A multi-tool Model Context Protocol server powered by the GitHub Copilot CLI (but backend-agnostic by design)

This project provides an MCP (Model Context Protocol) server that exposes a set of high-quality, specialized coding tools—each backed by a prompt-engineered wrapper around the GitHub Copilot CLI.

From the perspective of an MCP client (Claude Desktop, ChatGPT Apps, etc.), this server provides clean, deterministic, high-value tools for:

  • 🔧 Bug fixing (code_fix)
  • 🧹 Code refactoring (code_refactor)
  • 🏗 Code generation (code_generate)
  • 🧪 Test generation (code_tests)

Each tool is powered by prompt template and description, stored externally in Markdown files for easy editing, iteration, and customization.
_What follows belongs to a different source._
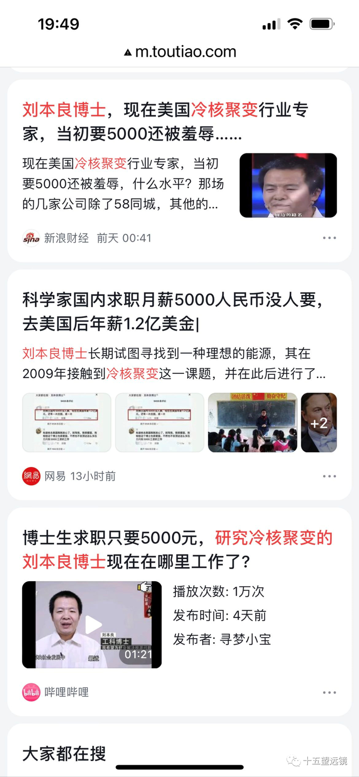 热核聚变几乎都是举国之力研究,才有了一点点突破,而刘本良这位博士靠家人资助就取得重大突破,可能吗?如果有一点点可能,以中国今天的财力,绝不会让他流失到美国,毕竟他的要求并不高,不要说月薪5000元,就是比亚迪这样的企业,也完全可以给他开出5万的月薪。

The implementation does not expose Copilot directly, meaning you can replace the backend in the future without breaking tool semantics. To the user (the IA calling), these tools simply behave like specialized coding assistants.

✨ Why this exists

I like Codex over copilot but the company pays for copilot so why not make use of those free tokens 🤷. MCP makes it possible to combine these tools in a clean, controlled, structured way.

This server aims to:

Provide high-quality code transformations through specialized tools

Each tool has a narrow, well-defined job, improving reliability and output quality.

Hide backend complexity

Consumers of the MCP tool don’t need to know it’s using the Copilot CLI.

Support prompt-engineering iteration

All prompt templates and tool descriptions live in external .md files—modify them as you learn what works best.

Be simple, hackable, and easy to extend

Written in strong-typed TypeScript with minimal abstractions.

Allow any LLM to delegate code work to a second “coding engine”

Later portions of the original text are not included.